I’ve been there, floating on the dang door in the icy ocean, holding tight to someone who is dying right in front of me. I’ve been the one to say, “I’ll never let go.” And I’ve learned the pain that comes in loosening the grip simply because we don’t always stumble into the people who ask us to hold on. Some people have never wanted that of us.
Sometimes we stumble, crash, collide, and even fall in love with people that walk away. It happens. That’s life. Cue Frank Sinatra.
But that story of mine goes back to a bad year. A year full of fighting. A year full of tumult & tears. A year spent wondering what it would cost to walk away. How would things turn? How would they tumble? And could we stand on our own anymore? And where, oh, where was the guidebook– the handbook, the dictionary, the Wikipedia site– for all of us who got so tangled in Another Soul that we forgot who we were apart from another pair of hands. Another pair of arms. Two eyes that always saw us through?
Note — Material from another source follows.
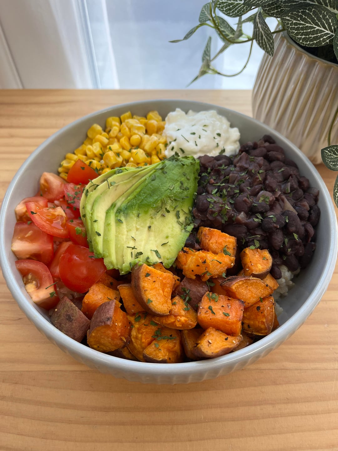 * sweet potato burrito bowl with brown rice, black beans, sweetcorn, tomato, avocado, and cottage cheese

I used to put my whole body into relationships.
I used to turn to a speck, a glitter, beside someone else.
I’d be sucked dry of self esteem and left hanging on the every word of boys who should have never needed to validate me like a Taylor Swift ballad. I cried at night after parties, my tiny body on the floor wondering how vodka brought so much honesty & heartbreak through my bloodstream, imagining the day in which I would take the concrete shoes off. The day I would walk away finally. The day I would finally face the mirror and ask, “And who are you, girl?” Who. Are. You?
I never wanted my fingerprints on that question. I never wanted to dance with the Ugly I found inside of me. I’d rather pour my energy into fixing someone. And healing someone else. And be a big ol’ bandage to anyone who ever came to me with their heart in their hands. And staying in relationships as flimsy as scotch tape houses if it meant I could focus on holding up anything other than me.
It was nearing 2am.
Her words kept rubbing against me as I crossed and uncrossed my legs on the floor.
“One day does not change the last year of your life.”
“One day does not change the last year of your life.”
I was alone now.
And I’d stayed up to plow through India and learn to love in Bali.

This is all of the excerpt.